Monday, July 12, 2021

Hue and Cry (1947)

Hue and Cry, released in 1947 and directed by Charles Crichton, was the first of the famous Ealing comedies. Michael Balcon, head of production at Ealing, had not been thinking in terms of making a series of comedies but the success of Hue and Cry made such a series suddenly seem like a very good idea indeed.

Joe Kirby (Harry Fowler) is a young man with a vivid imagination. When he swipes a comic book from a younger boy it sparks that imagination into overdrive. He’d love to be a famous detective like Selwyn Pike, the hero of the comic book (Selwyn Pike being obviously a Sexton Blake-type hero). And then he sees a van in the street, and it has the same licence number as the van that features in Selwyn Pike’s latest comic-book adventure! The van in the comic is being used to transport corpses. Maybe the van Joe saw isn’t being used for that exact purpose but it could be involved in some criminal endeavour. Joe thinks that’s practically a certainty.

Joe’s first attempt at playing amateur detective lands him in trouble with the police. The good-natured Detective Inspector Ford assures him that there’s no such licence plate as the one he saw, because there are no licence plated beginning with the letters GZ.

Joe talks things over with his pals and together they come up with an elaborate conspiracy theory involving secret codes that might explain that licence plate. By now Joe has pretty much convinced himself that it’s his destiny to be a great detective and that it will only be a matter of time before Detective Inspector Ford offers him a job with the Criminal Investigation Department.

Joe’s amateur sleuthing leads him to the man who wrote the comic book, Felix H. Wilkinson (Alastair Sim).

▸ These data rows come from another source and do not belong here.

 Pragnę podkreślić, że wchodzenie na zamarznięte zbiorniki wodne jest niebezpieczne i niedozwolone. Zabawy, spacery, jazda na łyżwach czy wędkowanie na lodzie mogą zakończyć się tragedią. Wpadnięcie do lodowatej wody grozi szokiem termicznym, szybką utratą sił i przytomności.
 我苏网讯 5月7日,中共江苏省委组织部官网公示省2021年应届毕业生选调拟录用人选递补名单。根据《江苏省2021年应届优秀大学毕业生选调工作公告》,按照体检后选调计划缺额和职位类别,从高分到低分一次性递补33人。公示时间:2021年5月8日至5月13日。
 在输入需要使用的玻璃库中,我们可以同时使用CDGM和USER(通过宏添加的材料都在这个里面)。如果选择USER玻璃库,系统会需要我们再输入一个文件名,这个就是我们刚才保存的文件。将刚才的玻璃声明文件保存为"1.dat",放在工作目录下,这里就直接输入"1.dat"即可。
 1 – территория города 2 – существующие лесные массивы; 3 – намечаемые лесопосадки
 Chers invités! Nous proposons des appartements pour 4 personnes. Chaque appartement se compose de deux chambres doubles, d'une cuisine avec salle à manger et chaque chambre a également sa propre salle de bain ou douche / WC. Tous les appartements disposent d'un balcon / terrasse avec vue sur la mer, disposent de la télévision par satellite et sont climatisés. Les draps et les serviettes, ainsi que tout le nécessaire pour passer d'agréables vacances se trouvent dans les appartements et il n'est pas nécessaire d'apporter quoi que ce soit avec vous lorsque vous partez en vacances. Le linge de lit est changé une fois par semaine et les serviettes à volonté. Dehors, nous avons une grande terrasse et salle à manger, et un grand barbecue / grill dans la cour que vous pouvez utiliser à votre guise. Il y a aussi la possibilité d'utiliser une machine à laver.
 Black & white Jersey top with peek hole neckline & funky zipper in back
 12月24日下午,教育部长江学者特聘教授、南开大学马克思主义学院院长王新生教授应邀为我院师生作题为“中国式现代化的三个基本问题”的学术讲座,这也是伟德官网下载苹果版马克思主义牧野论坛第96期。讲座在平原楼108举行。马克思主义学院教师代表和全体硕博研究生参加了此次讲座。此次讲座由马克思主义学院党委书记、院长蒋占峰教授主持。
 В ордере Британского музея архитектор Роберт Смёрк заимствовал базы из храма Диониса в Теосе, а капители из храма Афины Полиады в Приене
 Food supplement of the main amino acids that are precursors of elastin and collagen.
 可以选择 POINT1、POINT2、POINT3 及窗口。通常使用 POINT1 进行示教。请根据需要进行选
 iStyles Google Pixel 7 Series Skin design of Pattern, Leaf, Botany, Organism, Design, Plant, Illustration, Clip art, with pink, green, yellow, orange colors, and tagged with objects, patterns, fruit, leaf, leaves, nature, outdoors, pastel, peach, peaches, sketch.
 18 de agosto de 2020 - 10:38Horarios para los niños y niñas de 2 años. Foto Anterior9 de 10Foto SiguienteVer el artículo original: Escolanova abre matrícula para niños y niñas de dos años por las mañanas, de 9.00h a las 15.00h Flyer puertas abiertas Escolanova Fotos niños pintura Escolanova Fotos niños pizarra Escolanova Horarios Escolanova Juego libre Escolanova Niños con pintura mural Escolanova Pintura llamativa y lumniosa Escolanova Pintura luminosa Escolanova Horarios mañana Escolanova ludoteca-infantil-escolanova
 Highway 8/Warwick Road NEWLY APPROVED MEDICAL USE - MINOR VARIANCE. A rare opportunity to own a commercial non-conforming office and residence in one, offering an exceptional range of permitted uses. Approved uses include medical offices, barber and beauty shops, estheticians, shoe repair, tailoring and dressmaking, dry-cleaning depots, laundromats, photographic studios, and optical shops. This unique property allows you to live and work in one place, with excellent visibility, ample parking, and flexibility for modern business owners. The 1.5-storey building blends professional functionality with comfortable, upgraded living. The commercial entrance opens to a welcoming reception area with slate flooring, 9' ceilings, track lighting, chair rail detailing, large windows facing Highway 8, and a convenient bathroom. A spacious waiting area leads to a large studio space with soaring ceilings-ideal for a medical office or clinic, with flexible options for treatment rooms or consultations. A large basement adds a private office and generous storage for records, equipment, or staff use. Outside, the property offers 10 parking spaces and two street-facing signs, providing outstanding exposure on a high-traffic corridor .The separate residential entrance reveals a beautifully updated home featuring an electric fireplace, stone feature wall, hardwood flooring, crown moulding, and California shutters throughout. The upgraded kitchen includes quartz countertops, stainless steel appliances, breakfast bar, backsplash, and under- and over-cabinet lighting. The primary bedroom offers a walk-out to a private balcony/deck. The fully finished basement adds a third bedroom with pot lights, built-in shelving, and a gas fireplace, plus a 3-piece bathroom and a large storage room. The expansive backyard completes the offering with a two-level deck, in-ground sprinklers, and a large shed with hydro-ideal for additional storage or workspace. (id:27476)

The youngsters think they’ve come up with a brilliant plan to foil a major criminal conspiracy but their plans backfires on them. But they’re not disheartened. They think they’ve figured out the identity of the diabolical criminal mastermind behind the whole thing.

There’s plenty of amusement to be had and the crime plot is pleasingly fast-paced. This is a movie bursting with energy, something that would have been appreciated by audiences living through the austerity of post-war Britain.

Alistair Sim gets top billing although he really only has a minor supporting rĂ´le. But Sim had the star power the movie needed and while his appearances are brief they’re also brilliant.

The young actors are generally very good with Harry Fowler as Joe being a fine likeable hero whose boundless optimism and outrageous confidence in his powers as a detective carry him through all setbacks.

Charles Crichton went on to even greater success at Ealing with The Lavendar Hill Mob. He later had a very successful career as a television director.

T.E.B. Clarke wrote the screenplay and became one of Ealing’s most successful comedy writers. Crichton and Clarke worked together a number of times, with great success.

The location shooting (of which there’s quite a bit) provides some fascinating glimpses of immediate post-war London.

It’s not hard to see why this movie was a hit. Kids would have loved it as a light-hearted “kids playing at being detectives” romp while their parents would have enjoyed the comedy and the clever wittiness of the plot.

Hue and Cry has had a number of DVD and Blu-Ray releases and you should have no difficulty finding a copy.

This is a charming, witty and amusing movie. Highly recommended.